FIG. 2 shows a system according to the invention, which is designed to carry out a method according to FIG. The system includes a microscope 18, a camera 19, a receptacle 20 for a blood sample, a computer 21, an output unit 22 designed as a screen, a control unit 23 and a displacement device 24. The computer 21 controls the method and receives the data from the camera 19 Images of the blood samples to subsequently evaluate them and classify the detected cells and, if necessary, select the appropriate algorithms and reclassify the cells. The displacement device 24 is designed to move the recording 20 relative to the camera 19 or the camera 19 relative to the recording 20 in all spatial directions as required, on the one hand

Generation of images of several partial areas of the blood sample

to allow and on the other hand to improve the focusing of the camera 19 on the blood sample. The result of the blood analysis, in particular the classification, can be found on the

Output unit 22 are shown.

In FIG. 3, some image sections of blood cells are shown as examples, each of which has great visual similarity to one another. Lymphocytes 25, prolymphocytes 26 and atypical lymphocytes 27 are shown in FIG. 3a. In Fig. 3b monocytes 28, blasts 29 and reactive lymphocytes 30 are shown.

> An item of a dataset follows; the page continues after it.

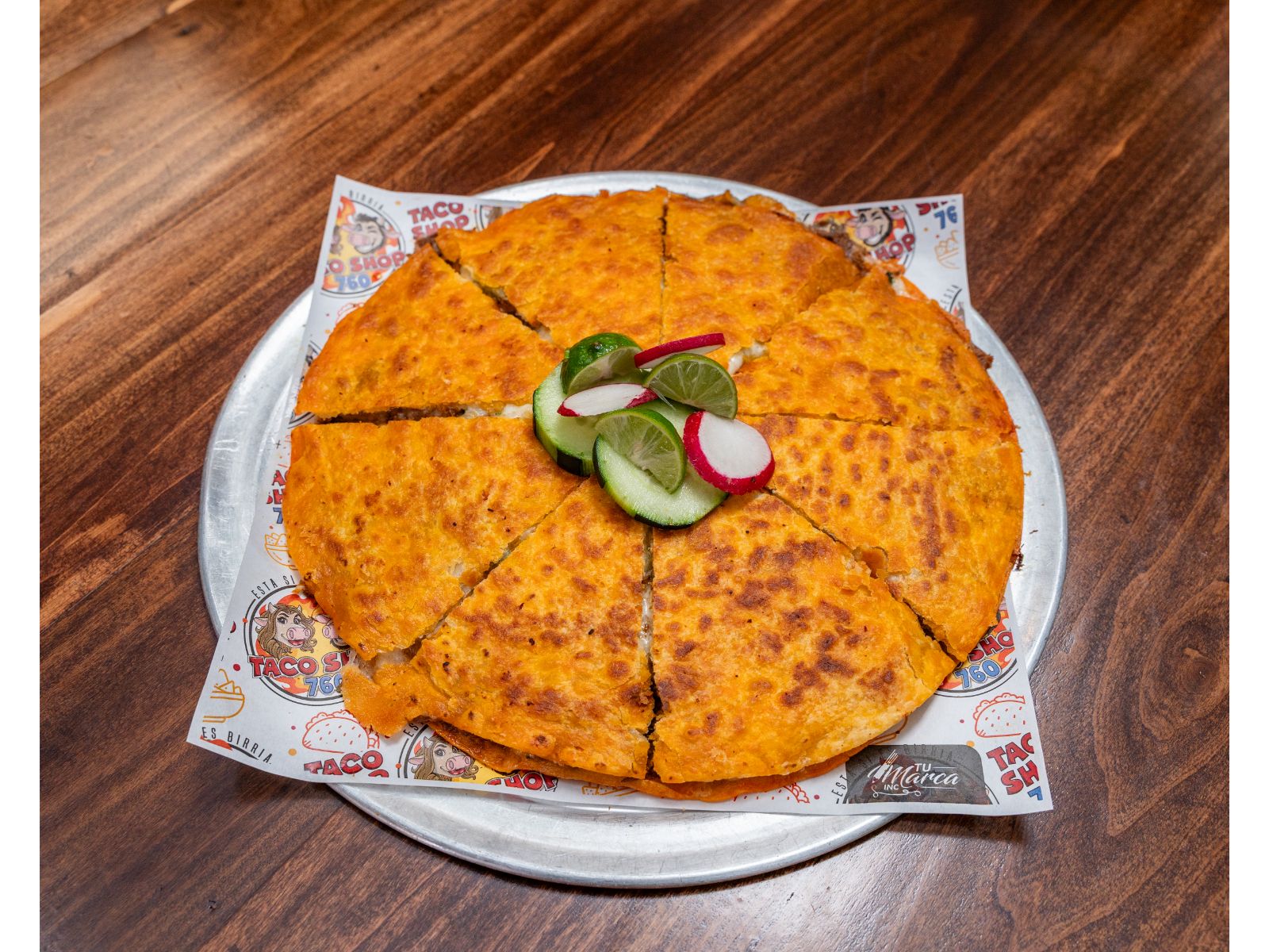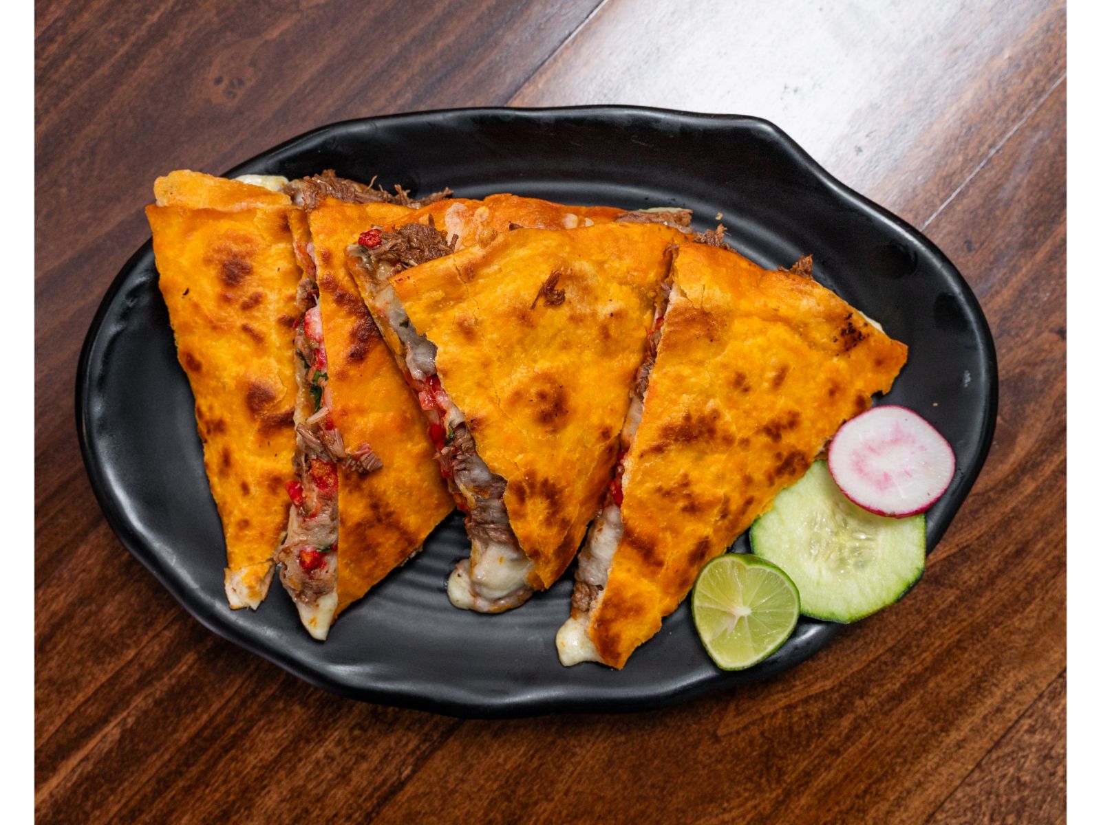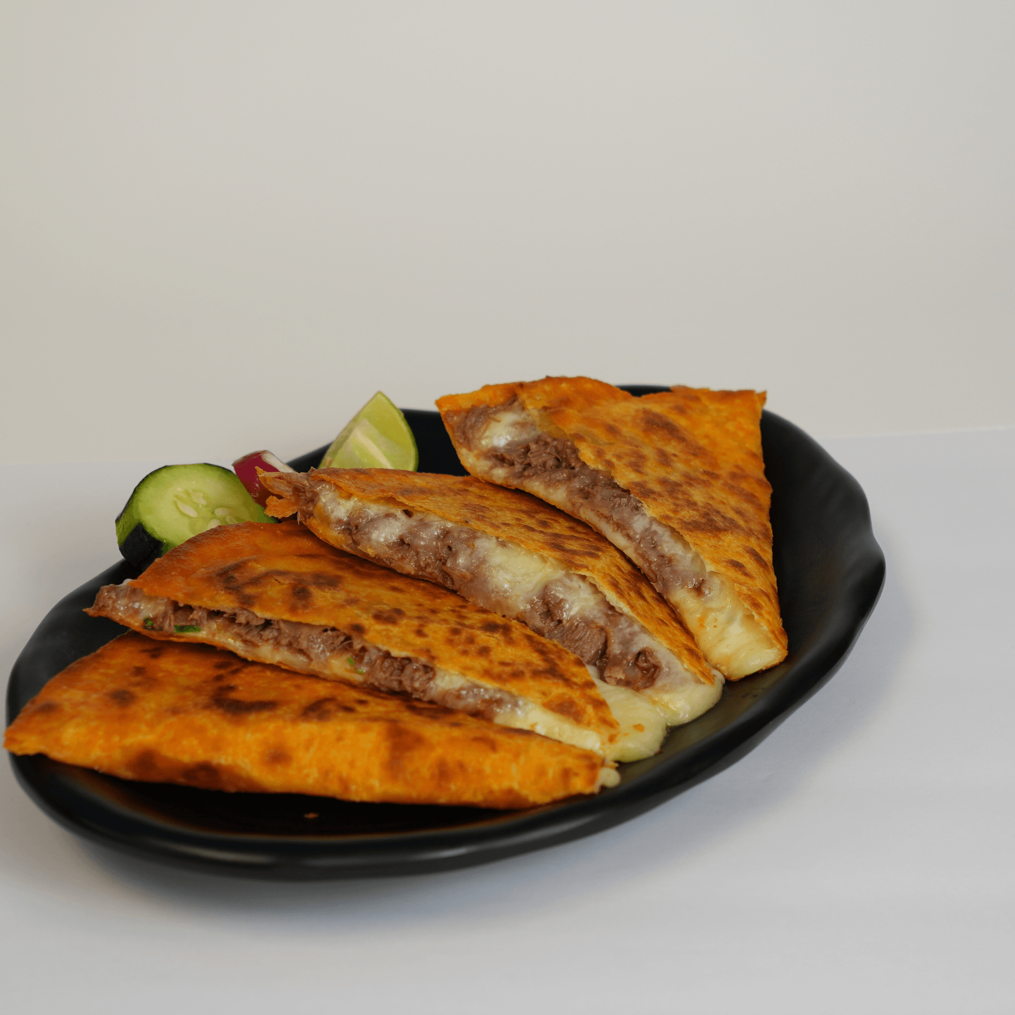 FLOUR QUESADILLA,CHEESE,BIRRIA.ONIONS CILANTRO & SALSA

In Fig. 3c, promyelocytes 31, myelocytes 32 and metamyelocytes 33 are shown.

Claims (7)

Patent Claims: 1. A method for analyzing a blood sample, in which in a first step an image of a blood sample is recorded by a camera, and in a second step the image is evaluated by a computer, the cells visible on the image being classified, characterized in that that, based on the classification carried out in the second step, in a third step the image is re-evaluated, wherein the on the image apparent cells are reclassified. 2. The method according to claim 1, characterized in that in the second step, a first neural network for classification is used. 3. The method according to claim 1 or 2, characterized in that in the third step a second neural network is used for classification. 4. The method according to any one of claims 1 to 3, characterized in that, based on the classification carried out in the second step, another image of another area of the blood sample is recorded and this image is subjected to the second and third steps. 5. System for analyzing a blood sample, in particular for carrying out a method according to one of claims 1 to 4, comprising a receptacle for the blood sample, a camera and a computer connected to the camera, which is designed to evaluate the images received from the camera , where the cells shown in the picture be classified, characterized in that the Computer is further designed to re-evaluate the image based on the classification of the cells, wherein the cells visible on the image are reclassified become. 6. System according to claim 5, characterized in that a microscope is further provided to the image of enlarge blood sample. 7. System according to claim 5 or 6, characterized in that a displacement device is provided in order to move the receptacle for the blood sample relative to the camera, in particular to move translationally.